Equipment that is ‘In Service’ must be maintained, no matter if it is used or not. In service locomotive must have their quarterly inspections performed to remain in service. Maintenance is expensive, especially if the equipment is not needed to handle the volume of traffic. Putting cars in storage, on little used -out of the way tracks, frees the ‘operating’ portion of the railroad from having to dodge assets that are not earning a return on investment. Locomotives in storage frees the company from having to perform the required inspections, and in some cases on some lease agreements may free the company from the obligation to pay lease payments (a lot of ‘company owned’ locomotive are actually owned through lease agreements with various financial institutions).

The aim of the carriers during the times that we are currently experiencing is to make the company as ‘lean and mean’ as possible from an operating perspective. The carriers aims are always to move the most traffic with the least investment in equipment, manpower and facilities. Placing locomotives and equipment in storage is one way of doing this.

Almost all “in-service” locomotives that are not on a train are nevertheless idling* for “24 x 7”, all the while using fuel, cosuming oil, time on their air filters until changing, and to their next inspection, etc. Putting them in storage halts all of that as “variable expenses”.

  • Paul North.
    • For engine and “can’t-use antifreeze” reasons that have been better explained elsewhere.

The Class I carriers have been implementing APU (Automatic Protective Units) on their locomotives. These units utilize small diesel engines to keep the coolant warm and the batteries charged when the locomotives are not active in trains. The units are computer controlled and measure the ambient temperature as well as various locomotive conditions in order to make the decision if the small diesel needs to be operated at all. The small engines measure their fuel consumption in hours per gallon, rather than in gallons per hour of the locomotives prime mover.

It has to do with servicing, maintaining, inspections, compliances, etc. Plus, I have a feeling there is an accounting maneuver which helps with the books plus insurance, taxes, etc.

Well…it beats running them around for no reason. My guess is that they’re going into storage due to lack of work. What should they do?

I asked the question in the first place because it seemed like window dressing for the shareholders, i.e. a big saving when there is not that much in reality. The points raised make sense. Thanks. John Timm

I’m wondering what percentage of the units have the APUs - nationwide, and specific to CPR in this instance ? If it is high, then BaltACD has a good point - there wouldn’t be much direct fuel savings resulting from storing the units.
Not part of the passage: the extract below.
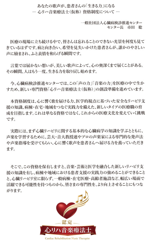 「心リハ音楽療法士(仮称)」の資格認定制度 2026.03.20 現在、制度設計中 本年6月より活動開始します。 本企画についての、ご意見、ご質問などあれば以下のメールからお寄せください。 お名前 メールアドレス メッセージ
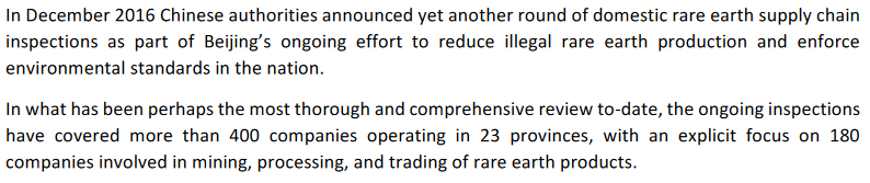 Illegal mining of rare earths is profitable because it is polluting and harmful to the environment. As part of the governments efforts to stem pollution, China is cracking down on illegal mines. The following is from this Adamis Intel note:

Another consideration is that the stored units are most likely the older, least fuel-efficient, and less reliable ones - the ones still in service are likely the best in the fleet - newer, more fuel-economical, and less prone to failure. For a given quantity of work to do, the fuel-efficient loco would result in some direct savings. If it is more reliable, then there’s less frequent road breakdowns and resulting costs for extra crews, train delays, etc.

It would be interesting for someone “in the know” from a cost accounting and finance standpoint to tell us - for stored units - just where thos

The savings for storing locomotives is predominently FRA inspection avoidance as stored locomotives’ days don’t count toward the time between the required, periodic Federal inspections, and fuel - even though APU and Autostart equipped locomotives mitigate some of this. It’s not huge, but it’s not nothing, either, and it’s almost free.

What class 1’s would those be? CN and CP locomotives do not have such a device.